A much more detailed account of this
incident was written by my father in Gems of Reminiscence,
Seventeenth Book of the Faith Promoting Series compiled and published
by George C. Lambert, Salt Lake City, 1915, under the title “A Remarkable
Patriarchal Blessing” which I may include in the appendix to this
personal history. (See Appendix A)
One of my earliest childhood recollections
at the family home was going out to pick up The Deseret News
for my father. I was just a two or three-year-old toddler. There
was a big hedge around the house and an iron gate at the sidewalk
entrance. This was where the paper was dropped.
My earliest best friends were Richard
Ross, Deon Nelson, and Shiryl Pace (the latter died of cancer while
we were in high school), all of whom lived on the same block as
I did.
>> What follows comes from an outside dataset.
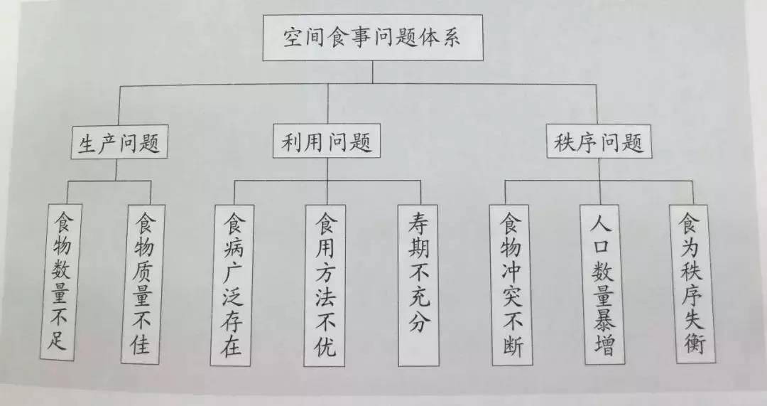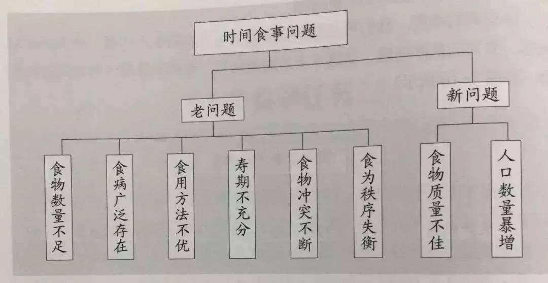 从空间角度上看,他认为食物问题分为食物的生产问题、食物的利用问题、食为的秩序问题。生产的问题,主要体现在数量、质量2个方面;利用问题主要体现在食病广泛存在、食用方法不当,寿期不充分3个方面;秩序问题主要体现在因食物引发的争端与冲突不断、人口数量暴增等方面。
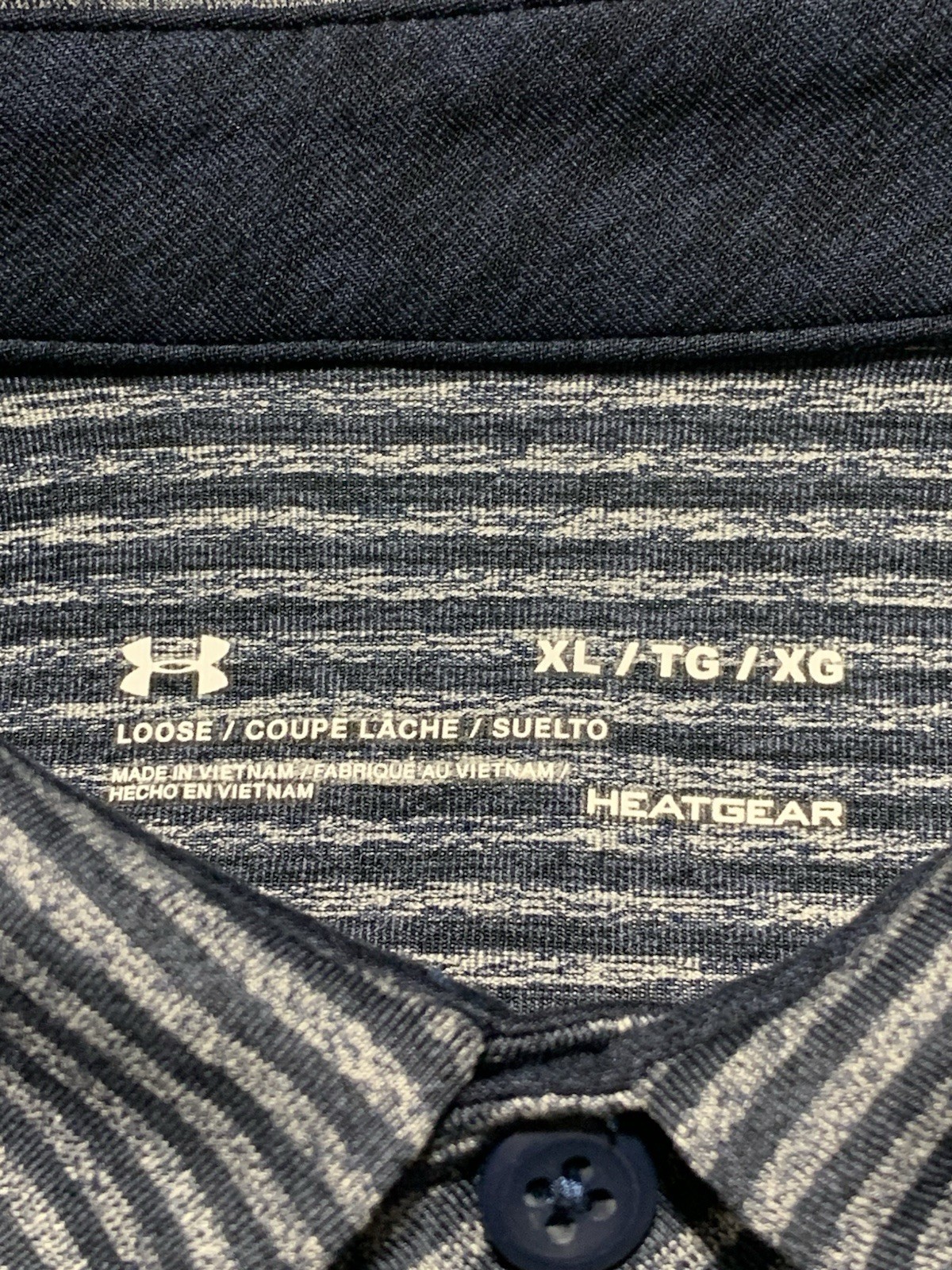 Under Armour Mens XL Loose Heat Gear Blue Striped Performance Golf Polo

Other school chums were Harry Green, Dick Ogden, Sharff Sumner,
Earl Camp, and Jim Peterson. Among the girl schoolmates were Maza,
Fern and Mae Christensen, Ruth Cloward, Devona Pectal, Nola Taylor,
Anna Lou Peterson, Ruty Neill, Olive Ogden, Bernice Ogden, Anna
Dee Coons, Gwen Ashman, Nina Anderson, Zona Morrison, Leone Peterson,
and Elethe Fillmore—all of whom I dated. The dating was during my
high school years when a rather large group of us were quite active
socially. Harry Green, who lived a block east of us, was the only
child in a large home which had a basement recreation room and dance
floor. It was used frequently. The town dance hall was called the
Anona Pavilion which had a good spring floor.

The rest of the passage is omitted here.